October marks the beginning of fall. This means cool nights, colder temperatures, and who can forget, Halloween! It is a time for our kids to become two legged monsters, ghouls, superheroes, and princesses, to enjoy friends, trick-or-treating and lots of candy. But what about our four legged kids? Loud noises, poisonous foods, and hazardous decorations are just a few reasons to keep an eye on your pet over the holiday. To insure everyone has a “fiendishly” good time here are suggestions for keeping your pet safe on Halloween.
Sweets and treats are for the kids not your pets. This is one of the most common traumatic accidents that can happen to your pet on Halloween. Chocolate especially can pose a serious threat to your pet’s health. Pets who consume chocolate can experience vomiting, diarrhea, excessive thirst and urination, irregular heartbeat, tremors, seizures and even death. The ingredient that is most harmful to pets is theobromine. If your pet has consumed a large amount of chocolate or any other sweet, contact your veterinarian immediately.
Is your pet an escape artist? Watch them! With trick-or-treaters coming and going all night you will probably be opening your front door many times. The constant screaming and/or costumes could possibly induce stress for your pet. Constantly check for your pet each time you open and close your door and be sure that your pet has identification tags should they take off after Dracula. Additionally, know your pet’s tolerance for strangers at the door. Even the most familiar faces will be strange to your pet with masks and makeup. Isolate your pet in a closed room if you know it will be a disturbance to your visitors.
Be considerate of your pet if you dress them up in costumes. According to the American Pet Products Association, pet owners will spend over $200 million this season on holiday costumes for pets, dressing up almost 11.5% of their furry friends. Costumes that limit mobility or visibility for an animal will certainly not make your pet happy. Depending on your dog’s breed and size, delicate costumes with beads and decorations should be closely monitored to make sure pets do not ingest things that they shouldn’t.
Costumes are cute, but be careful! Let’s face it, everyone loves a cute pet costume but make sure your pet does too! Make sure the costume does not limit their movement, comfort, hearing, sight or ability to breathe, bark or drink. Introduce them to the costume at home before Halloween so you can observe their behavior, ensure they are comfortable and be sure the costume does not restrict their movement.
For those pet owners living in warmer climates, the costume should not overheat your dog.
Remember a simple Halloween bandana might be a better idea than dressing your pet from head to tail.
In all cases, don’t remove your pet’s collar with its ID tag. Make sure your contact information is current for your pet’s microchip just in case a scary moment allows for a dash into the dark.
Don’t let decorations lead to disasters. Be careful with Jack-O-Lanterns and candles. They can easily be pushed over or burn your pet if left in reach. Also, wires and chords for decorations could be harmful. If chewed, a wire can damage your pet’s mouth from shards of glass or plastic, or deliver a potentially lethal electrical shock. A bit of common sense goes a long way when it comes to pet safety.

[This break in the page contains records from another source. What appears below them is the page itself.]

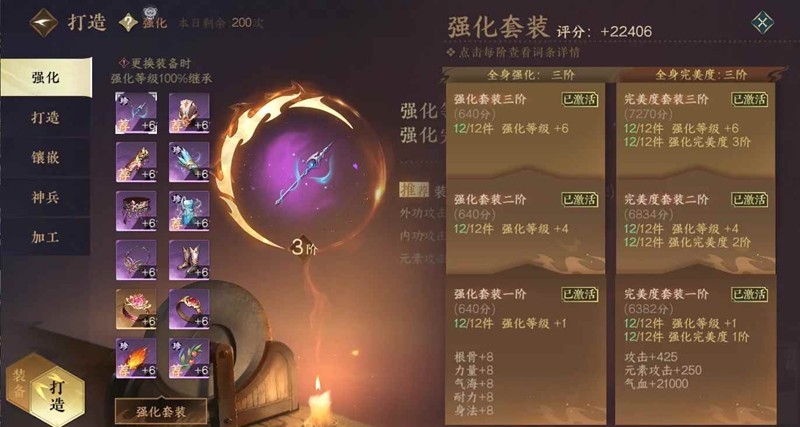 强化:一定要强化到3阶完美,然后从忽视,元素攻,命中,会心里面慢慢强化就好。
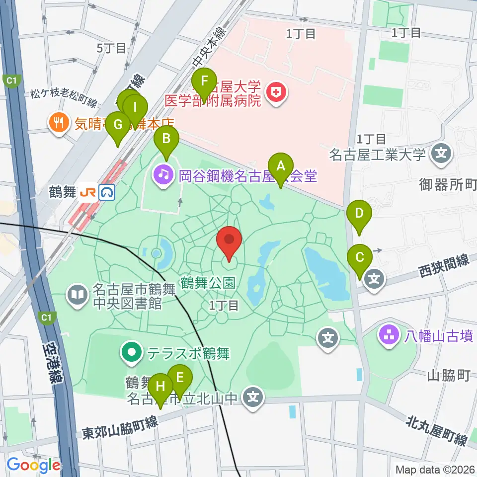 鶴舞公園奏楽堂周辺の駐車場・コインパーキング一覧地図
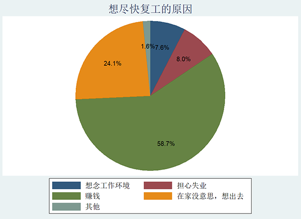 图6显示,没有回到单位工作的人群中,51%的人非常想尽快恢复正常工作,而最主要的原因是“赚钱”的压力(占1/2以上)和“在家没意思,想出去”(占1/4以上)。
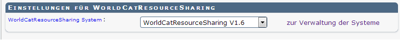 Mit Klick auf Verwaltung der Systeme können Sie direkt zur Liste der verschiedenen WorldCatResourceSharing Systeme springen. Dort legen Sie entweder ein System neu an oder Sie ändern dort einen bereits angelegten Peer. Eine ausführliche Beschreibung zur Konfiguration eines Peers des Typs WorldCatResourceSharing finden Sie im Basishandbuch.
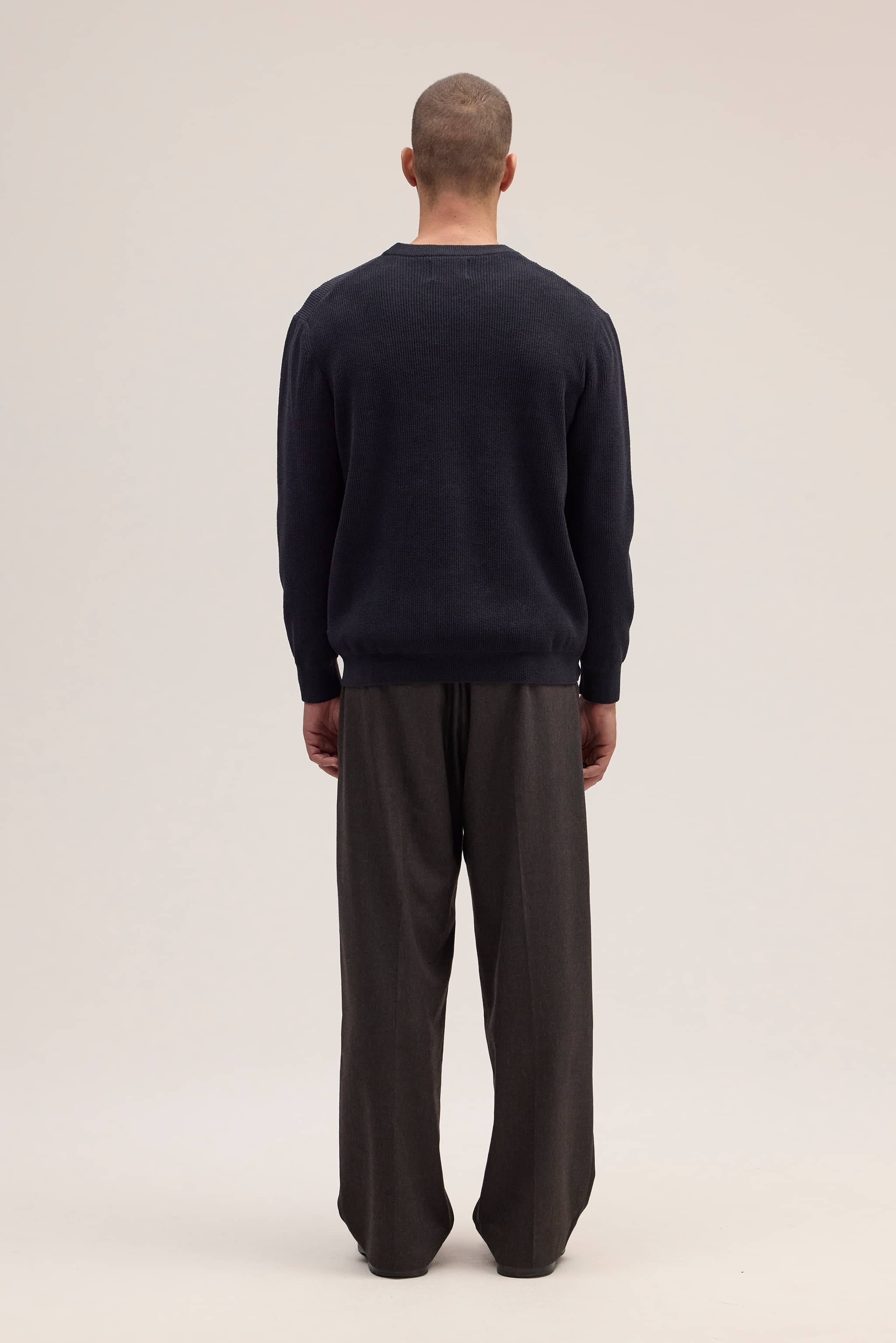 A soft crewneck sweater crafted in a lightweight polyester blend, designed with a neat rib and fashion detailing along the arm and neckline.

Cat owners need to especially watch for wrappers: Cats love to play with a lot of things they shouldn’t; this is no different for candy wrappers. (I catch my cat Noodles playing with wrappers all the time) If a cat ingests aluminum foil or cellophane it can cause intestinal blockage and induce vomiting or worse.
Trick or Treating
If your pet accompanies you and your friends or children, have an adult hold the leash. Children as so distracted during this ritual and should not be given the responsibility of holding the family dog during the trek for treats.
Use a non-retractable, traditional leash which will provide more control over your dog’s behavior.
Also, keep your dog on the street while your tricksters go to the door to get their treats. This will help to avoid any chance meetings with another pet residing in the treater’s house.
Being responsible with your furry children doesn’t mean they can’t have fun! A great idea is to keep your pets treats handy for when they want to indulge as well. Pet safety is always important, but especially during spooky times like Halloween!